> _SOURCE MATERIAL_:
————

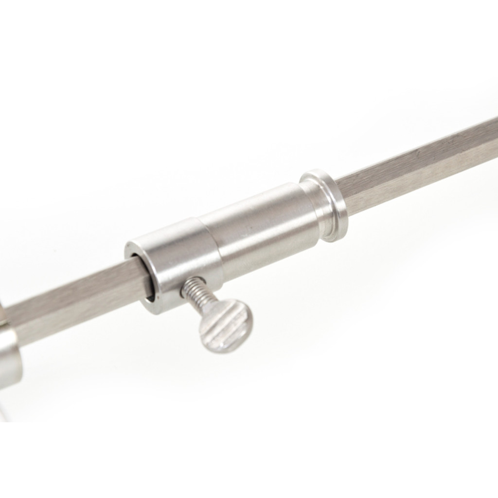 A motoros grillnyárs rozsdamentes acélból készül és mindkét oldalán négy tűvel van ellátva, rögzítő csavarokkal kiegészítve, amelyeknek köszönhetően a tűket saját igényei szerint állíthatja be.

————

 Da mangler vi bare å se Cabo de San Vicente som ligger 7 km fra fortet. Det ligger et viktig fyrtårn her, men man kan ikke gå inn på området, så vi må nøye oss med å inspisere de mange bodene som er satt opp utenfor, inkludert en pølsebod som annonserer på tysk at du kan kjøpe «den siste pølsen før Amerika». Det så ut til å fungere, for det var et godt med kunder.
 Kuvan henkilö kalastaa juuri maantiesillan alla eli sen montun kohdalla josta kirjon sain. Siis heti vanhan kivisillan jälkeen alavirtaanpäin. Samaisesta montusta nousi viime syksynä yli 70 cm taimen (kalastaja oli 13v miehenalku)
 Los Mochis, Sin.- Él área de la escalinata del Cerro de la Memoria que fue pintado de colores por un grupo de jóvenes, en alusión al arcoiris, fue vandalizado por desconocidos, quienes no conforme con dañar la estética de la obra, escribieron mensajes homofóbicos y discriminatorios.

————

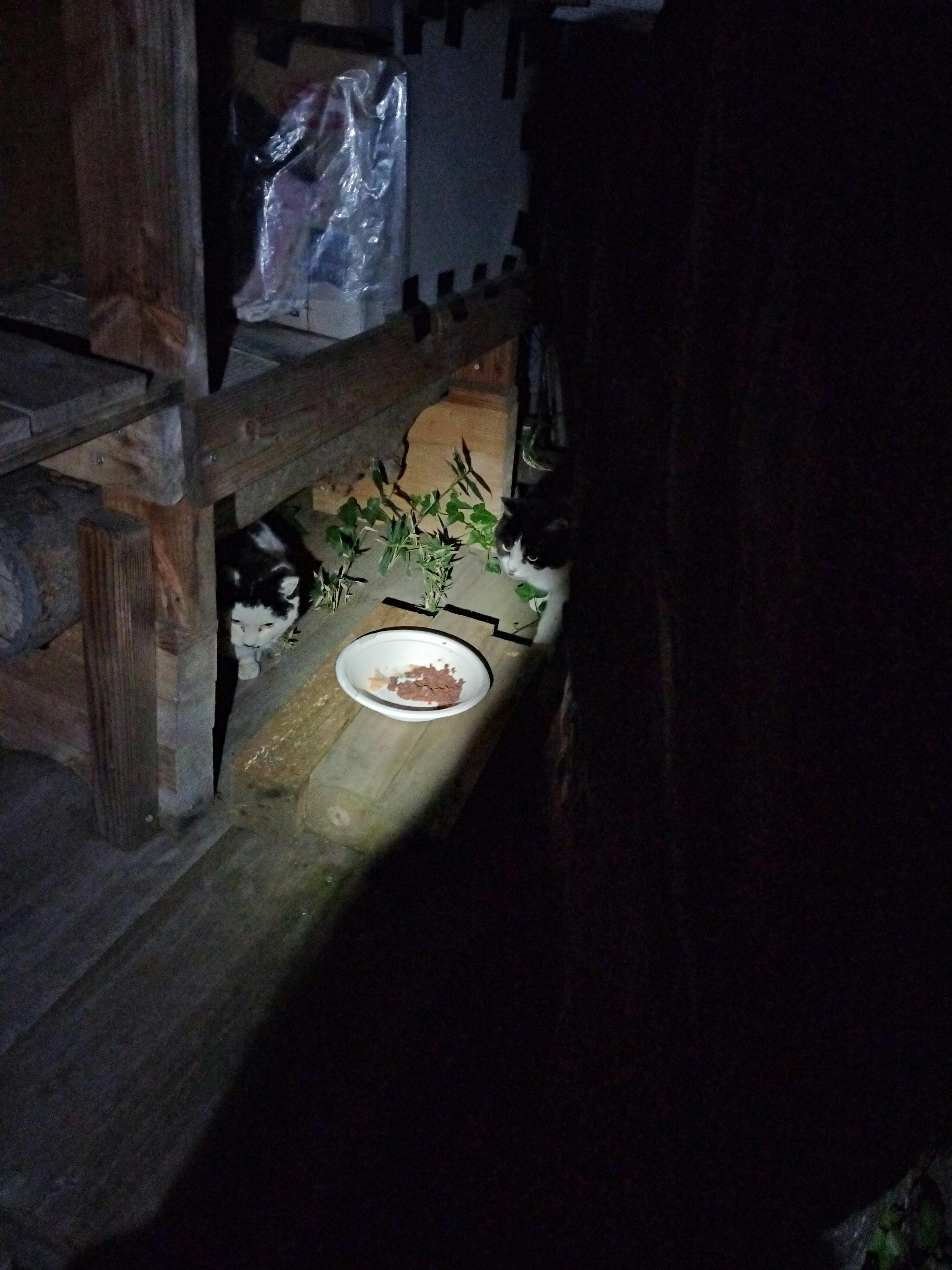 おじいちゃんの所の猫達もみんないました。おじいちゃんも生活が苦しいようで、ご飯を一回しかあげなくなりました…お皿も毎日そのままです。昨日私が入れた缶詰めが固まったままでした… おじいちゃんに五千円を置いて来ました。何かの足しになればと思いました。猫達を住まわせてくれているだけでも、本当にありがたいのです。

————

> _WHAT YOU ARE ASKED TO DO_: Of all the entries above, output exactly the lines between the one holding "Da mangler vi" and the one holding "Kuvan henkilö kalastaa", inclusive.

> _REPLY_:
 Da mangler vi bare å se Cabo de San Vicente som ligger 7 km fra fortet. Det ligger et viktig fyrtårn her, men man kan ikke gå inn på området, så vi må nøye oss med å inspisere de mange bodene som er satt opp utenfor, inkludert en pølsebod som annonserer på tysk at du kan kjøpe «den siste pølsen før Amerika». Det så ut til å fungere, for det var et godt med kunder.
 Kuvan henkilö kalastaa juuri maantiesillan alla eli sen montun kohdalla josta kirjon sain. Siis heti vanhan kivisillan jälkeen alavirtaanpäin. Samaisesta montusta nousi viime syksynä yli 70 cm taimen (kalastaja oli 13v miehenalku)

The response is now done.